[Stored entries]

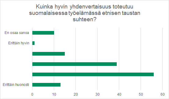 Kyselymme perusteella suomalaisessa työelämässä on erityisesti kehitettävää etnisen taustan yhdenvertaisuudessa. Vastaajat antoivat etnisen taustan yhdenvertaisuuden toteutumiselle keskimäärin arvosanan 2.74 (asteikko 1-5). Vastaajista naiset (ka. 2.67) kokivat yhdenvertaisuuden toteutuvan huonommin kuin miehet (ka. 3.10).
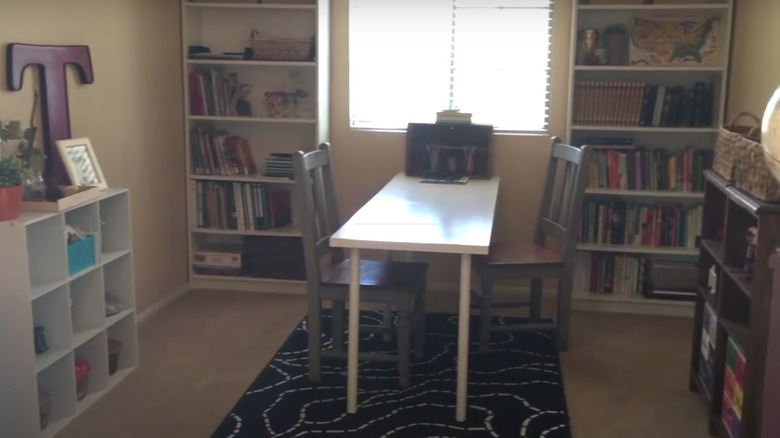 While there's nothing wrong with this home classroom, per se, it's not the perfect setup. As shown in the overflowing cube shelves on the back wall, there's not much space for storage.
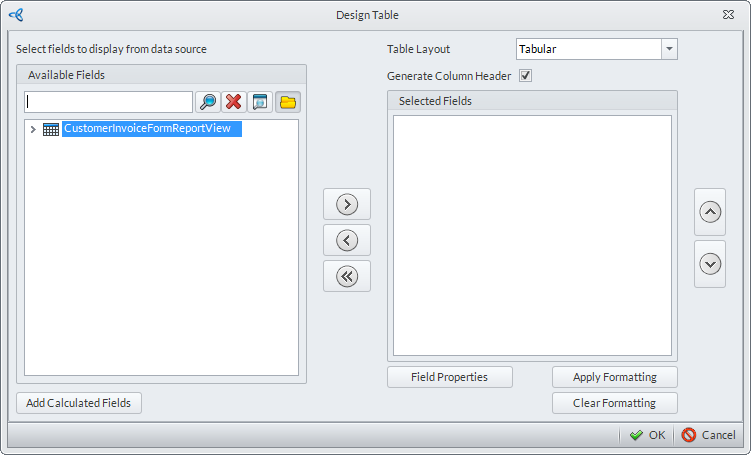 - Table - Clicking this opens the Design Table form. Here, the user can select which from the available fields to be displayed and the appearance of the table layout.
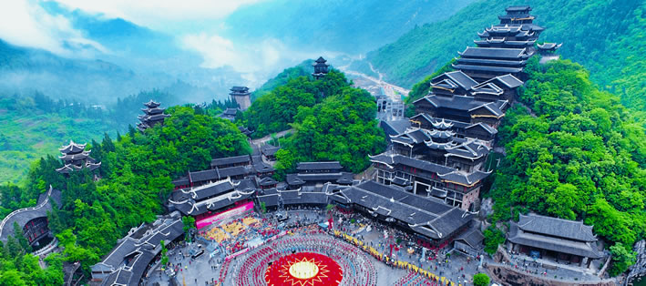 蚩尤九黎城,位于重慶市彭水苗族土家族自治縣靛水街道烏江邊。東隔摩圍山與彭水老城區(qū)相鄰,南接建設中的彭水新城,北至烏江并與湘渝高速下線互通。距彭水縣城8千米,距重慶市主城區(qū)175千米。
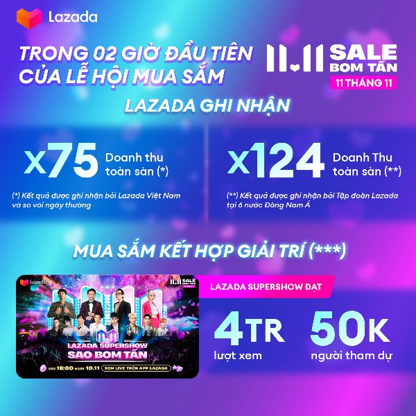 Lazada Supershow 11.11 "Sao bom tấn" đã mang đến đại tiệc mua sắm kết hợp giải trí bùng nổ khi đã thu hút hơn 50.000 khán giả tham dự tại sự kiện và hơn 4 triệu khán giả trên toàn quốc theo dõi trực tuyến trên các nền tảng xã hội và kênh LazLive của Lazada.
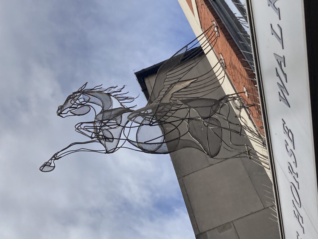 The facade remains as a listed building, but the majority of the building was modernised (and has been refurbished a couple of times since). The arcade was rebranded as FH Mall for a while, but was rebranded again as Flying Horse Walk in 2013 with the addition of Amy Goodman’s Pegasi sculptures. Currently, in 2026, the shops inside include The Cheese Shop, Vivienne Westwood, jewellery shops, hairdressers and art shops.
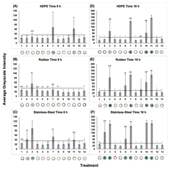 Detection of L. monocytogenes on food contact and non-food contact surfaces using enzymatic colorimetric detection paired with a µPAD platform. Enrichment time points at eight (left panel) and 18 h (right panel) are depicted. After 18 h enrichment, detection of L. monocytogenes on a µPAD platform is clearly discernable upon visual inspection. The average greyscale intensity was determined using ImageJ. The threshold value is represented in black. Bars show standard deviations of three means. Means with different letters are significantly different. Digitized colorimetric images. Representative wells are depicted. From top to bottom: (A,D) HDPE, (B,E) rubber, (C,F) stainless-steel. From left to right on the x-axis are the following treatments: (1) L. monocytogenes 1 CFU/coupon calcium alginate swab, (2) L. monocytogenes 10 CFU/coupon calcium alginate swab, (3) L. monocytogenes 102 CFU/coupon calcium alginate swab, (4) B. pumilus 102 CFU/coupon calcium alginate swab, (5) L. monocytogenes 1 CFU/coupon rayon-tipped swab, (6) L. monocytogenes 10 CFU/coupon rayon-tipped swab, (7) L. monocytogenes 102 CFU/coupon rayon-tipped swab, (8) B. pumilus 102 CFU/coupon rayon-tipped swab, (9) L. monocytogenes 1 CFU/coupon sponge-stick, (10) L. monocytogenes 10 CFU/coupon sponge-stick, (11) L. monocytogenes 102 CFU/coupon sponge-stick, (12) B. pumilus 102 CFU/coupon sponge-stick, (13) uninoculated broth.
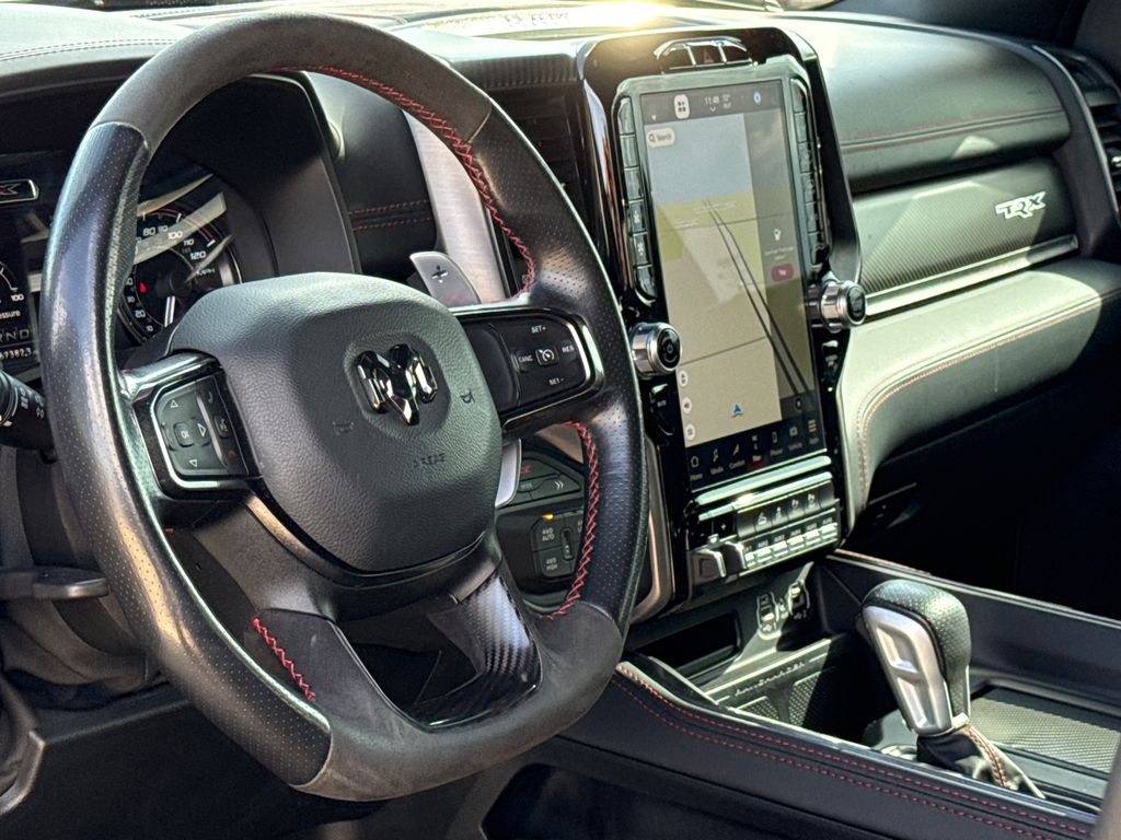 2022 Ram 1500 TRX 4D Crew Cab Bright White Clearcoat 6.2L Supercharged HEMI V8 SRT 8-Speed Automatic 4WD This vehicle comes well equipped with Bed Utility Group (MOPAR 4 Adjustable Cargo Tie-Down Hooks, MOPAR Deployable Bed Step, and MOPAR Spray In Bedliner), Quick Order Package 29Y, Trailer Tow Group (Trailer Brake Control, Trailer Light Check, and Trailer Tire Pressure Monitoring System), TRX Carbon Fiber Package (Leather/Carbon Flat-Bottom Steering Wheel and Real Carbon Fiber Interior Accents), TRX Level 2 Equipment Group (#2 Seat Foam Cushion, 2-Door Passive Entry, Front Door Locks, 4 Way Front Headrests, Blind Spot & Cross Path Detection, Body Color Door Handles, Bucket Seats, Center Console Parts Module, Digital Rearview Mirror, Driver Seat Memory, Driver/Passenger Wrapped Assist Handles, Exterior Mirrors w/Memory, Front Door Accent Lighting, Front Seat Back Map Pockets, Full Length Premium Upgraded Floor Console, harman/kardon 19 Speaker Premium Sound, Heads-Up Display, Heated Front Seats, Heated Second Row Seats, Heated Steering Wheel, IP LED Ambient Light Pipe, Leather Trimmed Bucket Seats, Leather/Suede Flat-Bottom Steering Wheel, LED CHMSL Lamp, Luxury Front Door Trim Panel, MOPAR Bright Pedal Kit, ParkSense Front/Rear Park Assist w/Stop, Pick-Up Box Lighting, Power 4-Way Driver Lumbar Adjust, Power 4-Way Passenger Lumbar Adjust, Power 8-Way Driver & Passenger Seats, Power Adjustable Pedals w/Memory, Premium Wrapped IP Bezel, Radio/Driver Seat/Mirrors/Pedals Memory, Rain Sensitive Windshield Wipers, Rear 60/40 Folding Seat, Rear 60/40 Folding Split Recline Seat, Rear Door Accent Lighting, Rear Underseat Compartment Storage, Rear Window Defroster, Remote Tailgate Release, Sun Visors w/Illuminated Vanity Mirrors, Surround View Camera System, Universal Garage Door Opener, Ventilated Front Seats, Ventilated Rear Seats, and Wireless Charging Pad), 1500 TRX, 4D Crew Cab, 6.2L Supercharged HEMI V8 SRT, 4WD, Bright White Clearcoat, and Black Leather Bed Utility Group (MOPAR 4 Adjustable Cargo Tie-Down Hooks, MOPAR Deployable Bed Step, and MOPAR Spray In Bedliner), Quick Order Package 29Y, Trailer Tow Group (Trailer Brake Control, Trailer Light Check, and Trailer Tire Pressure Monitoring System), TRX Carbon Fiber Package (Leather/Carbon Flat-Bottom Steering Wheel and Real Carbon Fiber Interior Accents), TRX Level 2 Equipment Group (#2 Seat Foam Cushion, 2-Door Passive Entry, Front Door Locks, 4 Way Front Headrests, Blind Spot & Cross Path Detection, Body Color Door Handles, Bucket Seats, Center Console Parts Module, Digital Rearview Mirror, Driver Seat Memory, Driver/Passenger Wrapped Assist Handles, Exterior Mirrors w/Memory, Front Door Accent Lighting, Front Seat Back Map Pockets, Full Length Premium Upgraded Floor Console, harman/kardon 19 Speaker Premium Sound, Heads-Up Display, Heated Front Seats, Heated Second Row Seats, Heated Steering Wheel, IP LED Ambient Light Pipe, Leather Trimmed Bucket Seats, Leather/Suede Flat-Bottom Steering Wheel, LED CHMSL Lamp, Luxury Front Door Trim Panel, MOPAR Bright Pedal Kit, ParkSense Front/Rear Park Assist w/Stop, Pick-Up Box Lighting, Power 4-Way Driver Lumbar Adjust, Power 4-Way Passenger Lumbar Adjust, Power 8-Way Driver & Passenger Seats, Power Adjustable Pedals w/Memory, Premium Wrapped IP Bezel, Radio/Driver Seat/Mirrors/Pedals Memory, Rain Sensitive Windshield Wipers, Rear 60/40 Folding Seat, Rear 60/40 Folding Split Recline Seat, Rear Door Accent Lighting, Rear Underseat Compartment Storage, Rear Window Defroster, Remote Tailgate Release, Sun Visors w/Illuminated Vanity Mirrors, Surround View Camera System, Universal Garage Door Opener, Ventilated Front Seats, Ventilated Rear Seats, and Wireless Charging Pad), 1500 TRX, 4D Crew Cab, 6.2L Supercharged HEMI V8 SRT, 4WD, Bright White Clearcoat, Black Leather, 10 Speakers, 3.55 Rear Axle Ratio, 4-Wheel Disc Brakes, ABS brakes, Adaptive suspension, Air Conditioning, Alloy wheels, AM/FM radio: SiriusXM with 360L, Apple CarPlay/Andr

* What the exercise asks
Output exactly the lines above, from the line with "While there's nothing" to the line with "蚩尤九黎城,位于重慶市彭水苗", both included; skip the pictures.

* Expected output
 While there's nothing wrong with this home classroom, per se, it's not the perfect setup. As shown in the overflowing cube shelves on the back wall, there's not much space for storage.
 - Table - Clicking this opens the Design Table form. Here, the user can select which from the available fields to be displayed and the appearance of the table layout.
 蚩尤九黎城,位于重慶市彭水苗族土家族自治縣靛水街道烏江邊。東隔摩圍山與彭水老城區(qū)相鄰,南接建設中的彭水新城,北至烏江并與湘渝高速下線互通。距彭水縣城8千米,距重慶市主城區(qū)175千米。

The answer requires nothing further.